Your answer must be the exact lines below, starting with the line with "子どもが「枯れた葉っぱはどの" and going on through the line with "就增量编码器而言,仅能确定电", both included, with no pictures.

Provided information -

-- Opening Marker --

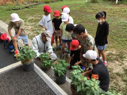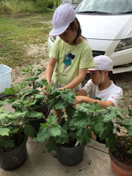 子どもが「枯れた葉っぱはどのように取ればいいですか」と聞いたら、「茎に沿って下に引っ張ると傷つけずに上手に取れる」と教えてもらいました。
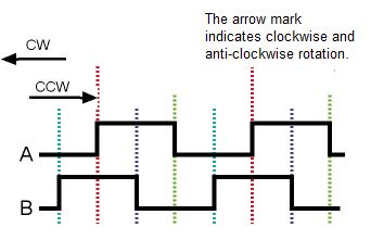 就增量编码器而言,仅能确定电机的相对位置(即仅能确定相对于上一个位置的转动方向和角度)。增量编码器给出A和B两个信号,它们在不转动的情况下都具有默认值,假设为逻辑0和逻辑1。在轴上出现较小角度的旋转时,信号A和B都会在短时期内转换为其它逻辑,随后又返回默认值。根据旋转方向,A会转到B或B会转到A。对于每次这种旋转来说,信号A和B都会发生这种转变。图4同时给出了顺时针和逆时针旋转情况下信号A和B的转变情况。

-- Closing Marker --
-- Opening Marker --

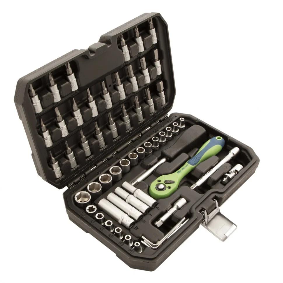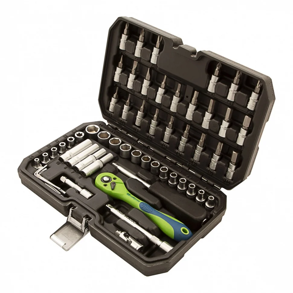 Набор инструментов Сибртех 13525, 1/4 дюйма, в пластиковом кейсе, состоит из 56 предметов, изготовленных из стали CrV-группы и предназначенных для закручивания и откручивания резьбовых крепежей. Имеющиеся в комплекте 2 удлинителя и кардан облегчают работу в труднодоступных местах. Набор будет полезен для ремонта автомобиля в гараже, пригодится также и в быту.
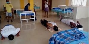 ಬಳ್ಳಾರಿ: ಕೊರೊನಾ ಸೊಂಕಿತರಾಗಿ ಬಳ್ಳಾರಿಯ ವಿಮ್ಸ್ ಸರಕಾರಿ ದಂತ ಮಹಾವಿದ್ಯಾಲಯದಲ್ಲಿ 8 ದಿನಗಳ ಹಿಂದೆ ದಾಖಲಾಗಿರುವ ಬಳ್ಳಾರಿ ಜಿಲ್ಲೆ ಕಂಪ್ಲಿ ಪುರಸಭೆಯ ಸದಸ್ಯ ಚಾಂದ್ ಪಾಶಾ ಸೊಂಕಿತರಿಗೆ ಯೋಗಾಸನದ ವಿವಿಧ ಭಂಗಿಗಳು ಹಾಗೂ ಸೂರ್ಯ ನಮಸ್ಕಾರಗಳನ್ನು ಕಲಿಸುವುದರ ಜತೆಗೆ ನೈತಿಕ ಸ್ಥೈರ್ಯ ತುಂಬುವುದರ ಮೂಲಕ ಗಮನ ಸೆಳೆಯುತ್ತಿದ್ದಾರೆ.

-- Closing Marker --
-- Opening Marker --

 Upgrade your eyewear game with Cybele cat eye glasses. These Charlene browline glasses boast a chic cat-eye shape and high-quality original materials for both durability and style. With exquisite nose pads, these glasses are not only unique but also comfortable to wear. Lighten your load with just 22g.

-- Closing Marker --

Written solution -
 子どもが「枯れた葉っぱはどのように取ればいいですか」と聞いたら、「茎に沿って下に引っ張ると傷つけずに上手に取れる」と教えてもらいました。
 就增量编码器而言,仅能确定电机的相对位置(即仅能确定相对于上一个位置的转动方向和角度)。增量编码器给出A和B两个信号,它们在不转动的情况下都具有默认值,假设为逻辑0和逻辑1。在轴上出现较小角度的旋转时,信号A和B都会在短时期内转换为其它逻辑,随后又返回默认值。根据旋转方向,A会转到B或B会转到A。对于每次这种旋转来说,信号A和B都会发生这种转变。图4同时给出了顺时针和逆时针旋转情况下信号A和B的转变情况。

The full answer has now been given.